In 2012, Google made the bold claim that it would be transitioning to all renewable energy sources imminently. True to its word, the company has been thriving in the renewable energy economy ever since and is already the biggest corporate buyer of renewables in the world, with 44% of its energy consumption being powered by solar and wind energy in 2015.

That year, Google purchased 5.7 terawatt hours (TWh) of renewable energy, which is not far off the 7.6TWh which all of the solar panels in the UK produce. In the event, the majority of this energy did not come from solar but wind power, since this represents the best return on investment in the renewable sector.

Now it’s aiming to go 100% renewable by snapping up further contracts with wind and solar farms, as well as branching out into other technologies such as nuclear, biomass and hydro. Though solar and wind have proven to be cheaper up until this point, they are also intermittent and somewhat unreliable – on overcast or calm days, the energy output drops off.

“Not averse to nuclear”

In a bid to sustain their all-renewable energy capacity and reduce their carbon footprint, Google have indicated they will consider forms of energy generation which are not as unreliable as wind and solar, but which remain sustainable and eco-friendly.

“We want to do contracts with forms of renewable power that are more baseload-like, so low-impact hydro; it could be biomass if the fuel source is sustainable, it could be nuclear, God forbid, we’re not averse,” explained Marc Oman, lead energy officer at Google EU. “We’re looking at all forms of low-carbon generation.”

However, he did confide that there remained concerns over the safety of nuclear, as well as its cost-effectiveness in comparison to other forms of renewable energy.

“We don’t want to rule out signing a nuclear contract if it meets our goals of low price, safety, additionality and in a sufficiently close grid, we don’t want to rule that out, but today we can’t positively say there are nuclear projects out there that meet this criteria,” he added.

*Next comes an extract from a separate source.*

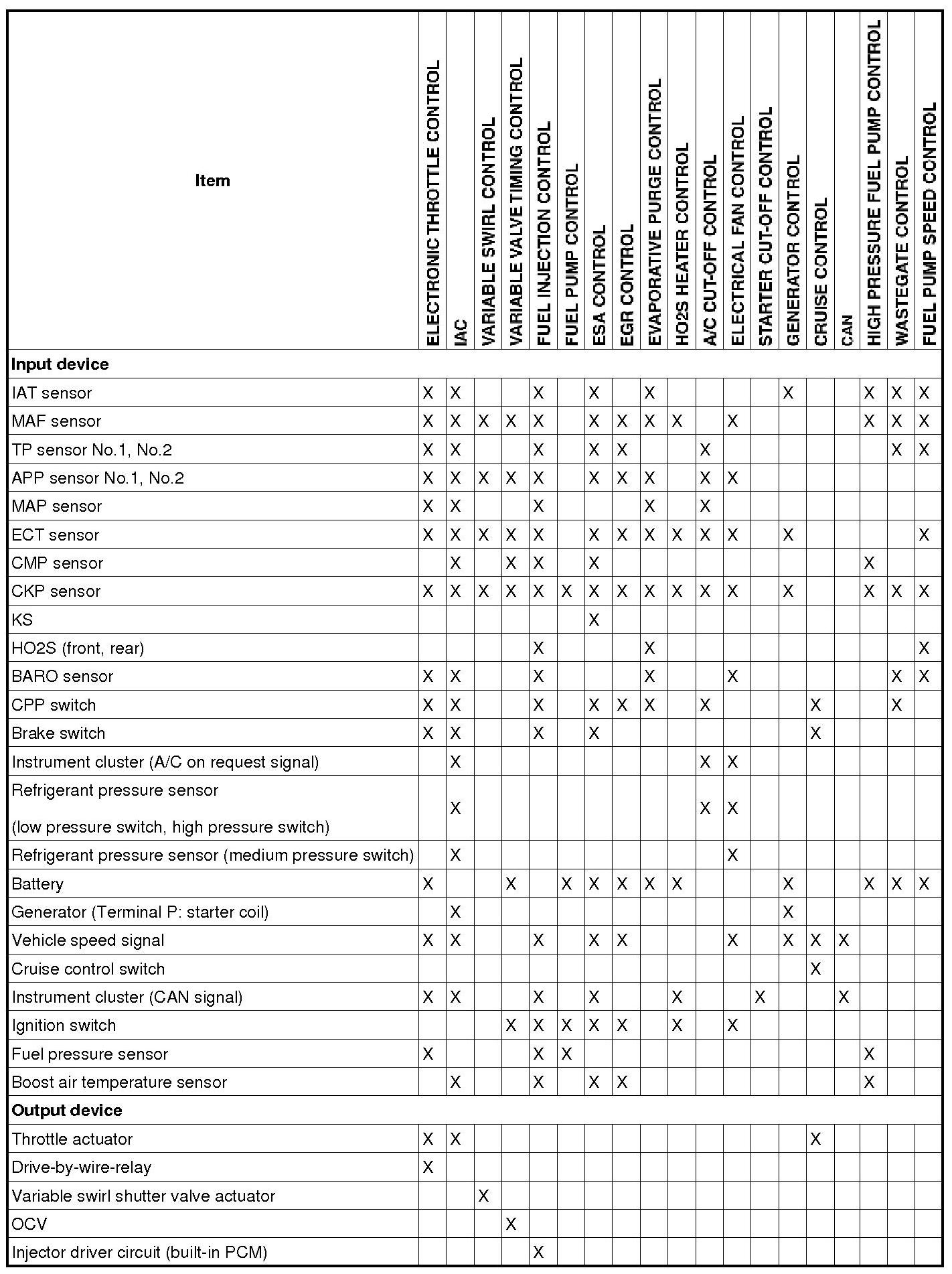 Control System Device And Control Relationship Chart
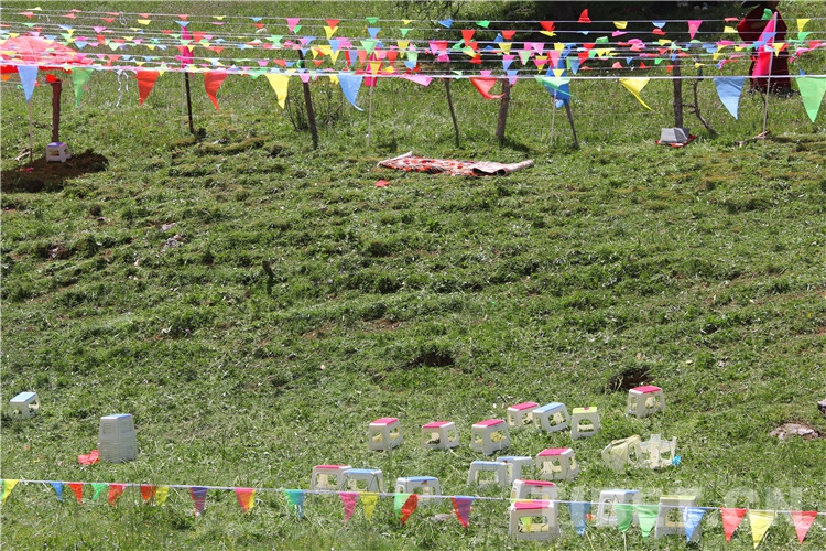 圖為2022年伊日鄉(xiāng)第二屆文化旅游藝術(shù)節(jié)上,前來(lái)參加的群眾在搭建帳篷,旁邊是“用好你的手 垃圾無(wú)處留”的標(biāo)語(yǔ) 攝影:王茜

Tech companies should follow suit

The explosion of the cybercentric world and huge advances in technology mean that tech companies are now responsible for 2% of all greenhouse gas (GhG) emissions across the planet, which is comparable to those expelled by aeroplanes.

As such, Google’s decision to go 100% renewable has been seen as leading by example from commentators and environmentalists, who believe that other big online entities should follow suit.

“By transitioning global operations to run entirely on renewable energy, Google is charting a course for other corporations, institutions, cities and communities to take bold action that will create jobs, save money, and protect families from dangerous fossil fuel pollution,” said Jodie van Horn, an environmental campaigner for the Sierra Club.